Figure 4. Rationally designed in vivo cleavable cell-permeable peptide to inhibit and disrupt the binding between p53 and HDM2.

(a) Short sequence from p53 responsible for the binding between p53 and HDM2. Below this sequence the main domains of p53 and HDM2 are depicted along with a short peptide (N8A) that has been shown in vitro to have higher affinity for HDM2 than p53. (b) The N8A peptide is not able to reach the interior of living cells. Therefore, it was coupled by a disulphide bond to a cell-penetrating peptide (TAT) that is capable of transporting it into living cells. (c) The design is based on a delivery model in which (I) the TAT peptide transports the N8A peptide into the cell, (II) in the cytosol the disulphide bridge is cleaved releasing the N8A peptide from the TAT peptide, (III) the peptide inhibitor is free to diffuse throughout the nucleus and the cytosol inhibiting the binding between p53 and HDM2, (IV) while the TAT peptide accumulates preferentially at the cytosol and the nucleolus.

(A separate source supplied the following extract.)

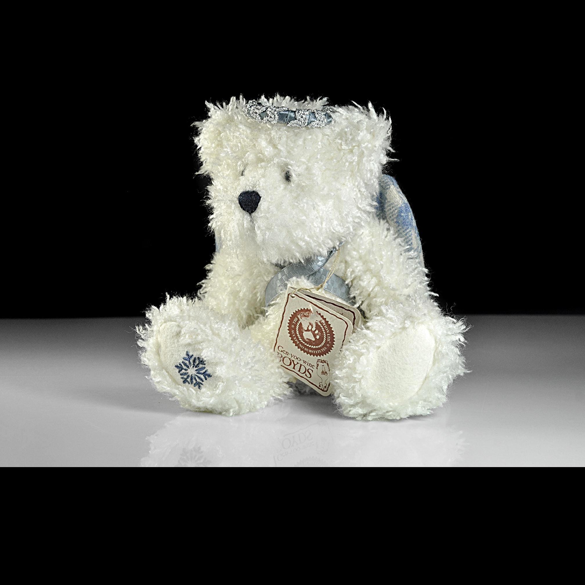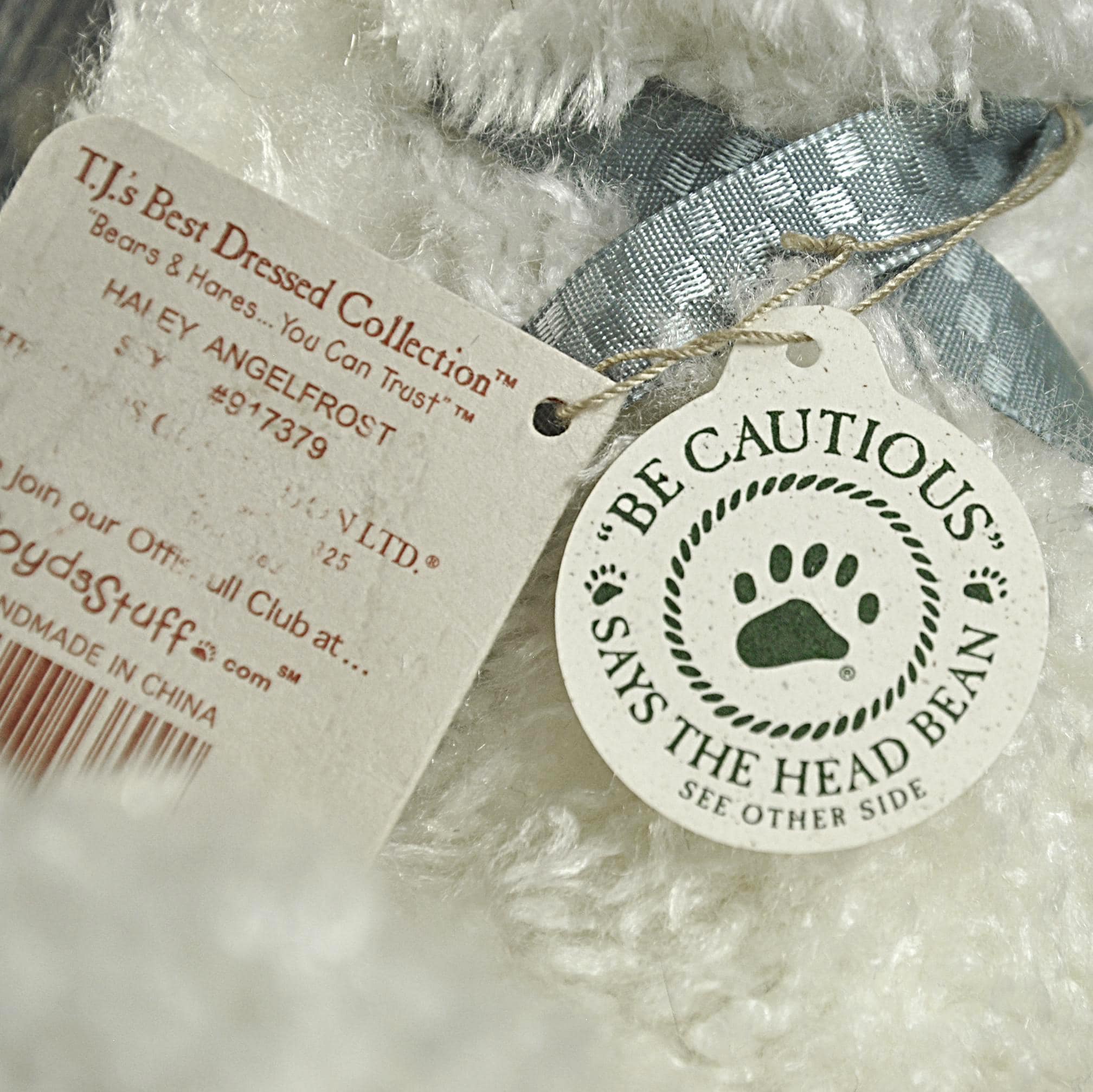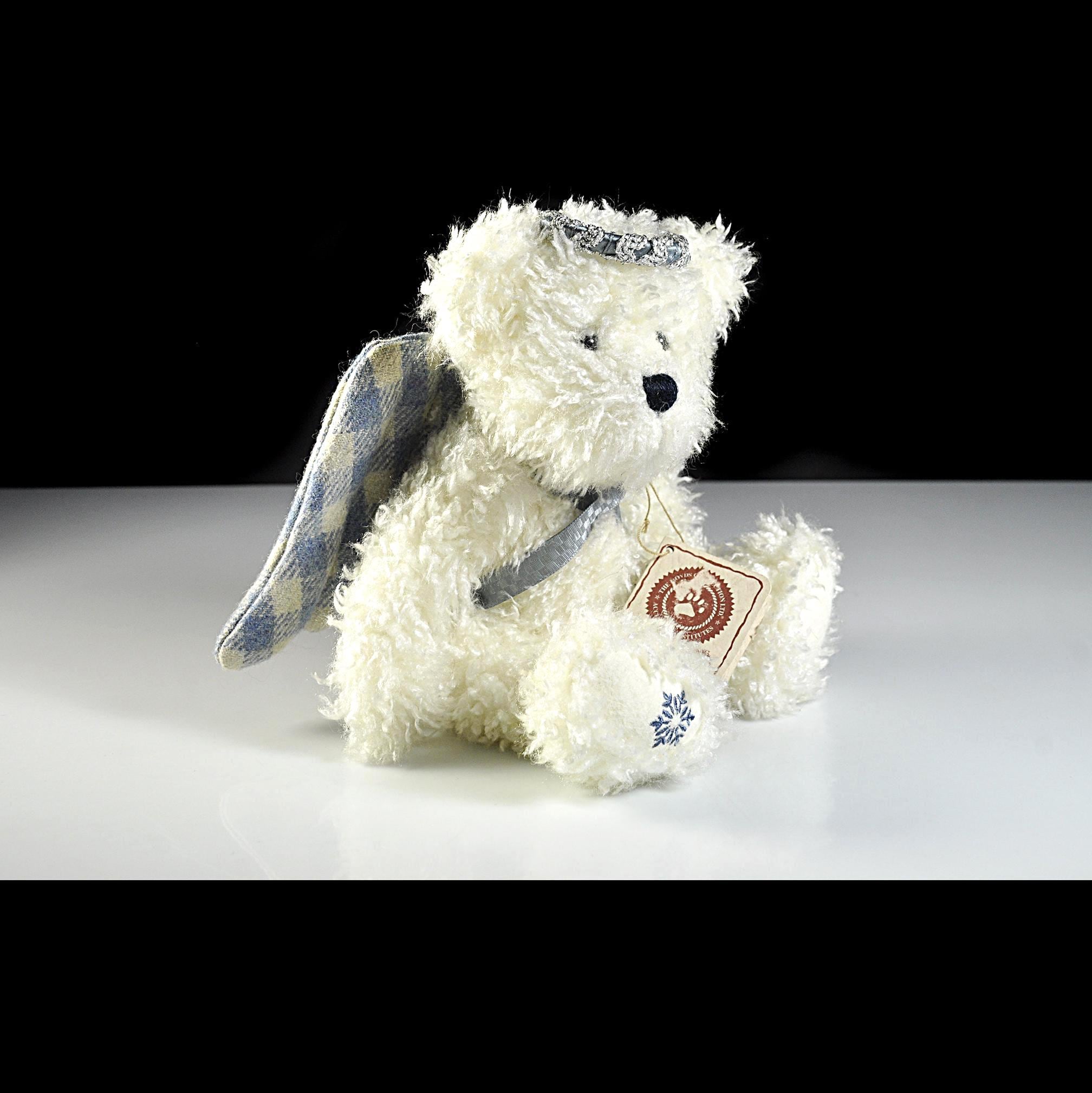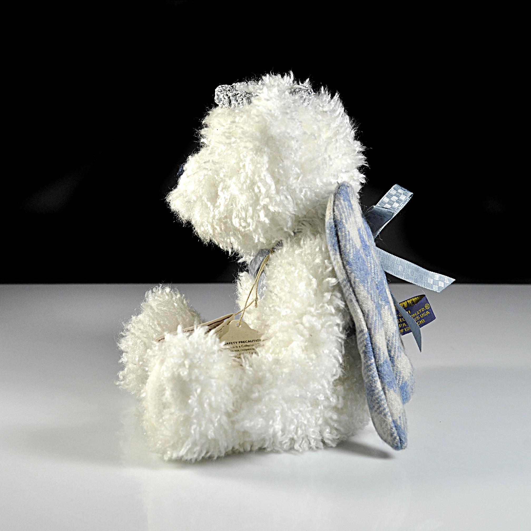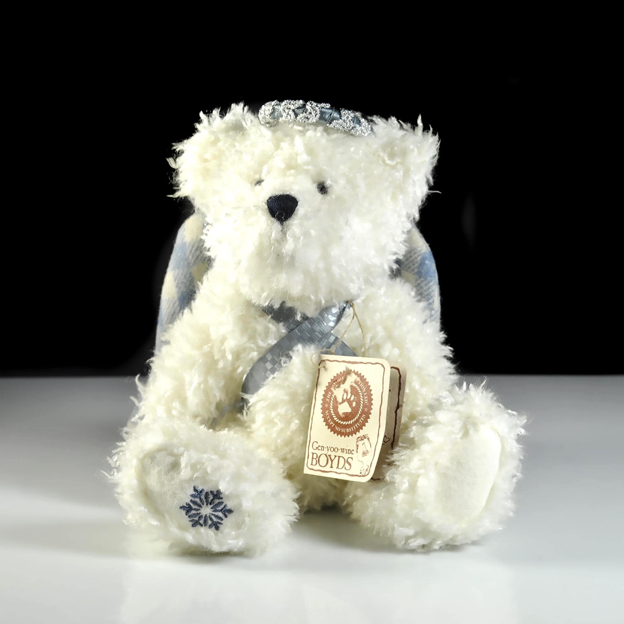 This is Haley AngelFrost, part of T.J.’s Best Dressed Collection from 2001, back when Boyds Bears were still winning hearts left and right and every collector seemed to have a favorite perched on a shelf. You know how certain things just have that gentle holiday feeling about them, even before you turn on the lights or drag the boxes down from the attic? That’s what this little Boyd’s angel brings to a room. She’s a soft white fluff of a bear, dressed up with her blue-and-cream angel wings, a silver-trimmed halo, and her original little hangtags still tied to her. Nothing missing, nothing worn out — she’s been well-kept and it shows. If you like items that feel nostalgic without being fussy, she fits that perfectly, right down to the small blue snowflake on her foot. Whether you’re bringing back a childhood collection, gifting a sentimental piece, or just adding a touch of winter coziness to the house, she’ll settle right in like she’s always been part of the place.

Figure 5. A rationally designed in vivo cleavable cell-permeable peptide that inhibits and disrupts the binding between p53 and HDM2.

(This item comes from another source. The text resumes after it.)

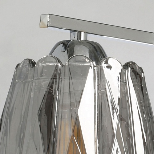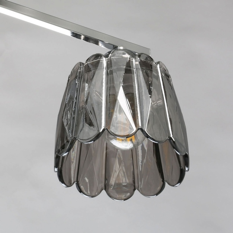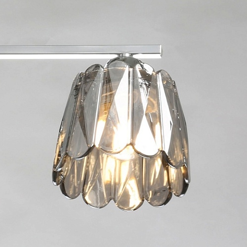 Металлическое основание потолочного светильника гальванизировано в цвет хрома. Стеклянные плафоны отлиты в сложную фактурную форму и гальванизированы в дымчатый цвет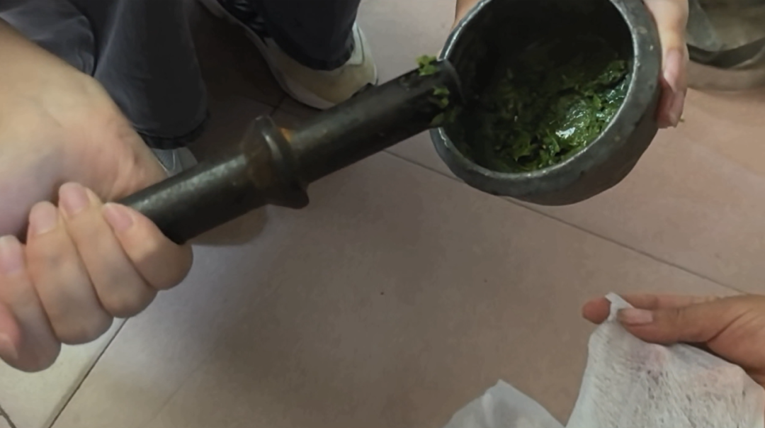 世代依山而居、临水而作的布依人,将草木的灵性融入生命的守护。人们采集透骨香、血藤、艾草等多种山野药材,经煎煮后制成温热的药液进行浸泡,用以舒筋活络、祛风除湿、缓解劳损。药材加工则保留着传统方式——新鲜或晒干的草药常在石臼中反复舂捣,用于外敷、内服,或配制其他药剂。

The peptide was tested in several mammalian cell lines (a–d). Starting from hamster cell lines containing stably integrated Lac operator (LacO) DNA arrays, the system is expanded onto application on any mouse cell exploiting the natural occurrence of large regions around centromeres naturally containing arrays of major satellite DNA sequences rich in methylated cytosines and, hence, accumulating methyl cytosine-binding domain (MBD) proteins. On a next step, the system is expanded to any cell containing a nuclear lamina composed of lamin intermediate filament proteins. Finally, the system is transferred to the cytosol making use of targeting it to the centriole via the centrin protein. In the first column, a cartoon representation of the protein interactions and inhibition at each recruitment site within the cell is shown. In the second column, a confocal image of a representative live cell of the GFP channel is shown followed by the mCherry channel in the third column, a transmission light image in the fourth column and in the last column the overlay of all the channels. In each row are shown the images before and after adding the N8A peptide to a final concentration of 8 μM. An amplified image of the recruitment site is shown below each microscopic image. (a) Recruitment of GFP-HDM2 to the LacO array in hamster BHK cells. Cells transiently transfected with pNeG-HDM2(NTD), pCAG-Ch-p53(NTD) and GBP–LacI. (b) Recruitment of GFP-HDM2 to major satellite pericentric repeats rich in MBD proteins in mouse C2C12 cells. Cells transiently transfected with pNeG-HDM2(NTD), pCAG-Ch-p53(NTD) and GBP-MBD (c) Recruitment of GFP-HDM2 to the nuclear lamina in human HeLa cells. Cells transiently transfected with pNeG-HDM2(NTD), pCAG-Ch-p53(NTD) and GBP-Lamin B1. (d) Recruitment of p53-GFP to the centriole in HeLa cells. Cells transiently transfected with p53-GFP, pCAG-Ch-HDM2(NTD) and GBP-Centrin2. Scale bar, 5 μm.